I think my cousin views some of the things that have gone on between my mother and I differently now. I didn’t see the wall there that I had seen clearly the other day. I didn’t get the same feeling from her, she was open, hurting, and seemed to regret something she left unspoken which was fine.
She seems most angered by her father accusing her of not being loyal. As she pointed out, he has never shown loyalty to her or her brother, the children from his first marriage. He regularly beat their mother, drove her into a mental institution at one point, and took them away from her for years. He married another woman, much younger, who had a great deal of animosity toward his children, he didn’t care, he knew and he didn’t care. She was cold and borderline vicious to my cousins, had two children of her own and proceeded to allow them to run rampant and have their way with whatever they chose (including allowing them to destroy their older, half-siblings’ belongings) and at the top of the vicious pyramid was my self-righteous, sanctimonious, piece of shit, abusive uncle who paraded the two younger children around as if they were prize sired race horses.
I cannot begin to fully express the level disgust and rage I have for this man.
I told my cousin that the letter from him did her a huge favor. She would not have been able to live with herself for cutting ties to him. Now she can walk away with a free conscience. She’s not now, nor has she ever been strong enough to do what I have done with my mother; not answering phone calls or responding to emails. She’s angry, hurt, and frustrated. She wants to understand why her father would do this to her. I’m different, I don’t care WHY, I just believe, firmly, that he should PAY in the most painful way possible for as long as possible. Retribution, swift, severe, and without mercy.

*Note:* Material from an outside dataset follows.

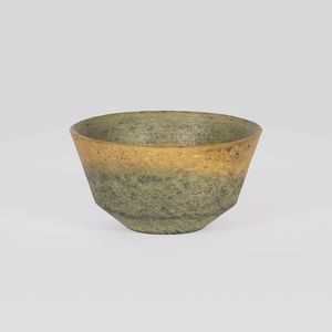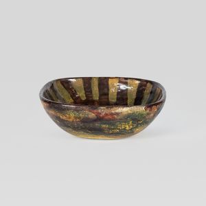 7,5x14 cm. Italia, anni 60 coppetta in ceramica policroma, firmata
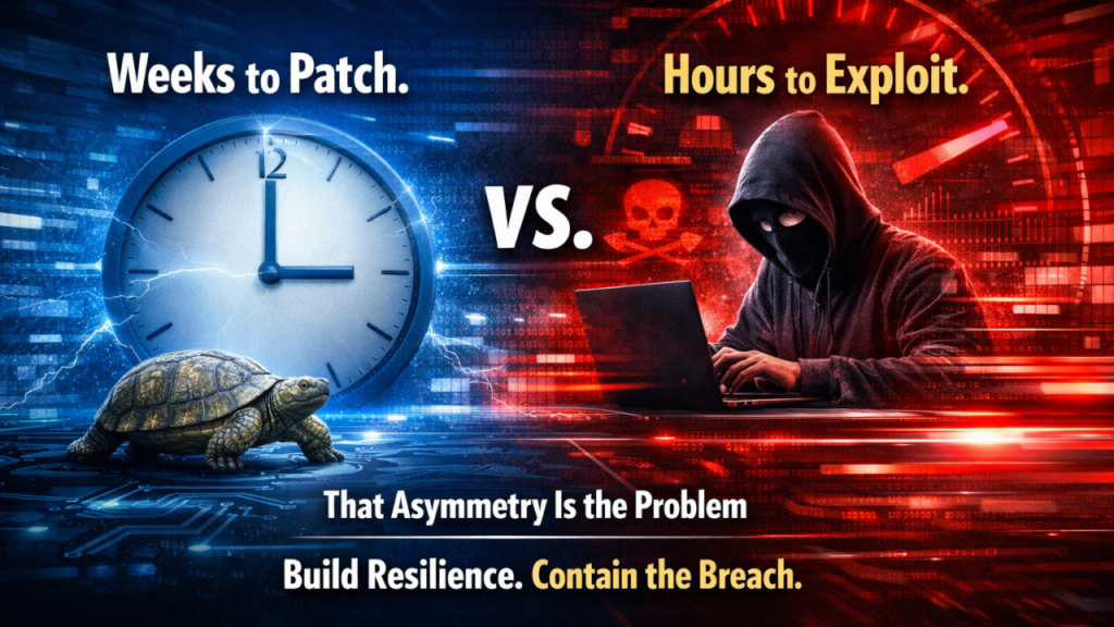 We operate on patch cycles measured in weeks against adversaries operating on exploit cycles measured in hours. That asymmetry matters.

Now more than ever I feel that way because I didn’t see the wall. I saw a very hurt, abandoned child in my cousin’s eyes. Bewildered, helpless, undefended, uncared for, unprotected. It enrages me. It makes me want to find my uncle, take him off somewhere where no one can hear him, and hook him up to a car battery until he begs for forgiveness. That’s the dark side of me, the one who wants desperately to avenge the wrongs and provide the retribution that his victims, his children so badly deserve.
And my mother?
She’s damaged goods. She’s so damaged that she has to pretend to do the right thing, pretend to say the right thing, pretend to feel the right thing. Then she ruins it all with lies and fear. She has never made peace with her past, her parents, her life. She probably never will.
I’m gaining sympathy for her. My goal is forgiveness. To forgive, not forget. Things will never be the same between us and I have no hope for something better. There is a poison that runs through that family and I believe now that in order to have any sense of harmony or peace that I have to distance myself and my children from it.
I hurt for the damage done, the acts of unspeakable cruelty that I can’t make right, the helpless children that were left unprotected and later blamed for something beyond their control. I’m disgusted by family secrets that I did not ask to be part of. And, I’ve come to realize that I’m just me, a woman who has to deal with this, put it in its’ own emotional compartment, and get on with my life.
It’s just going to take more than a few showers to get rid of this horrible dirty feeling that I have right now.